The genuine Christian



I. Is the subject of a great moral change in his relation to God. All were once “enemies to God.” The language presents to us two facts--

1. The most terrible condition in which it is possible to conceive a moral creature. “Enemies to God.” The fact that men are not conscious of this is no proof that it does not exist. Emotion often settles down into a principle of action too regular to become a matter of consciousness. The father’s love, which in its first stage was a warm emotion, in the course of years becomes a principle of action, that rules the life and explains the conduct; and thought concentrated on the object, can at any time bring up this emotion.
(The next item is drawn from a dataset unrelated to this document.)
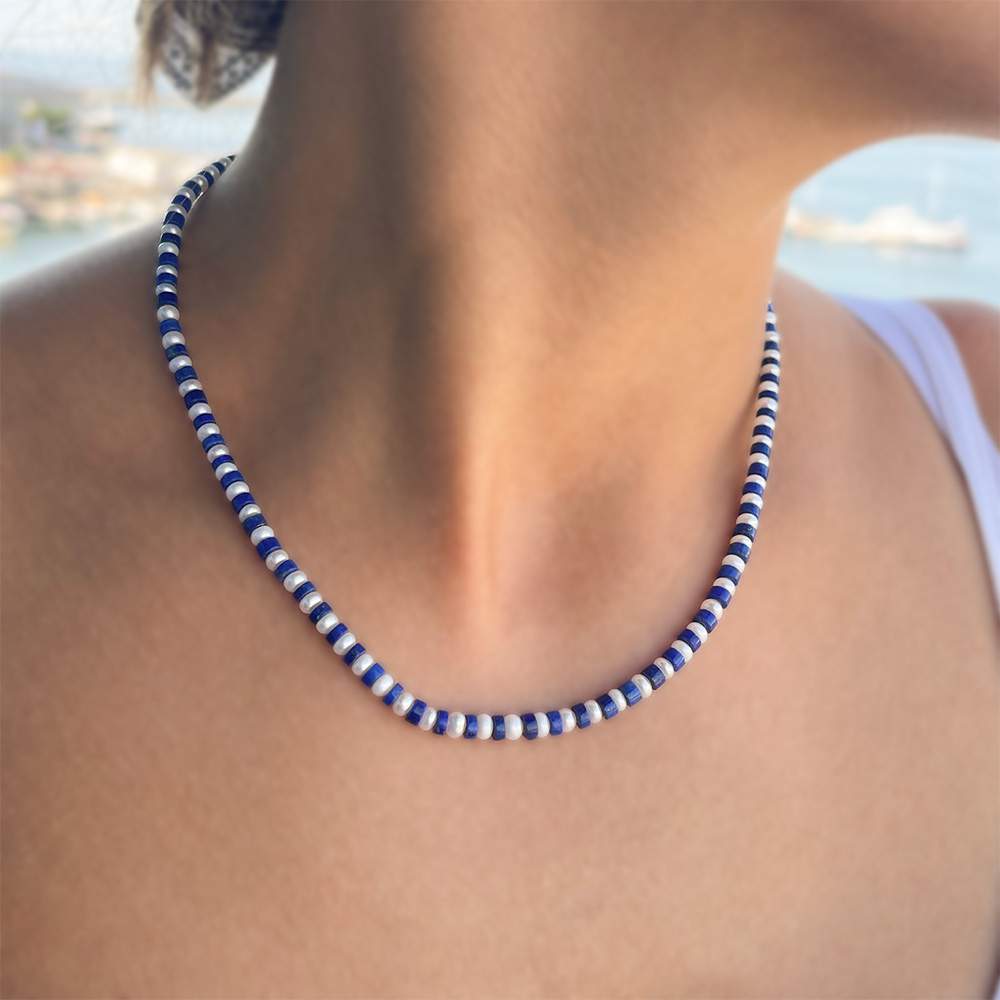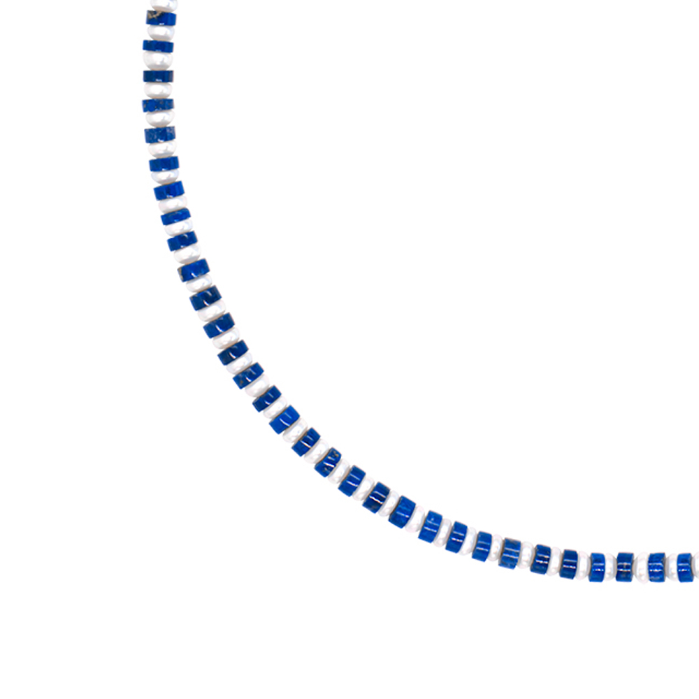 • Ένα υπέροχο κολιέ με 85 ημιπολύτιμους λίθους Lapis διαμέτρου 2,5 - 4 χιλιοστών, σε σχήμα ροδέλας και με 84 λευκά μαργαριτάρια Fresh Water Pearl 3 - 4 χιλιοστών.

1. There are facts which indicate a man’s state of mind towards another. If, e.g., I find a man--

(1) Habitually acting contrary to my well-known wishes.

(2)
Habitually ignoring and shunning those who are my avowed friends.

(3)
Associating with my determined opponents, he proves himself my enemy in each case. In such ways as these, sinful men demonstrate their enmity to God, whatever they may say.

2. But what a state is this to be in!

(1) How ungrounded! “They hated Me without a cause.”

(2)
How guilty! hating the infinitely Righteous and the infinitely Good.

(3)
How mad! a worm raising its head against the thunders of the universe. “Hast thou an arm like God?” etc.

2. A suggestion which serves to correct a theological error--that God was an enemy whose love had to be purchased, whereas it is quite the other way.



II.
Has been thus changed by means of the death of Christ. We were “reconciled to God by the death of His Son.” How is enmity to be destroyed? There is only one way in which from the constitution of mind it is possible--by love. This God does by the death of Christ, which is--

1. The grandest effect of God’s love. The universe is an effect of His love, but this is the grandest.

2. The mightiest demonstration of God’s love. It is impossible for the human mind to conceive of anything more convincing. All arguments and facts bearing on this subject seem to concentrate in this. This is the great focal and ultimate exhaustive argument.

3. The special organ of God’s love. The Cross is the great instrument of His Spirit, in convincing, converting, justifying, and sanctifying sinners. It is that by “which the world is crucified unto us,” etc.



III.
That he has been thus changed by Christ’s death is an invincible argument that his salvation will be completed. “Much more.” The following thoughts may develop the force of Paul’s a fortiori reasoning.

1. The most difficult part of the work has already been accomplished. Any power may destroy an enemy, but it requires the highest power to destroy enmity. The reconciler or peacemaker is the divinest character in the universe. This work has been done; what remains to be done is the development of this new affection.

2. This most difficult part of the work has been accomplished--

(1) When you were in the most repulsive condition. Enemies repel us from acts of kindness. “Vengeance for enemies,” says corrupt human nature. “Scarcely for a righteous man will one,” etc.

(2) By a dying Saviour; the remaining and easier part of the work, now we are in a more pleasing position, is accomplished by a living Saviour. (D. Thomas, D. D.)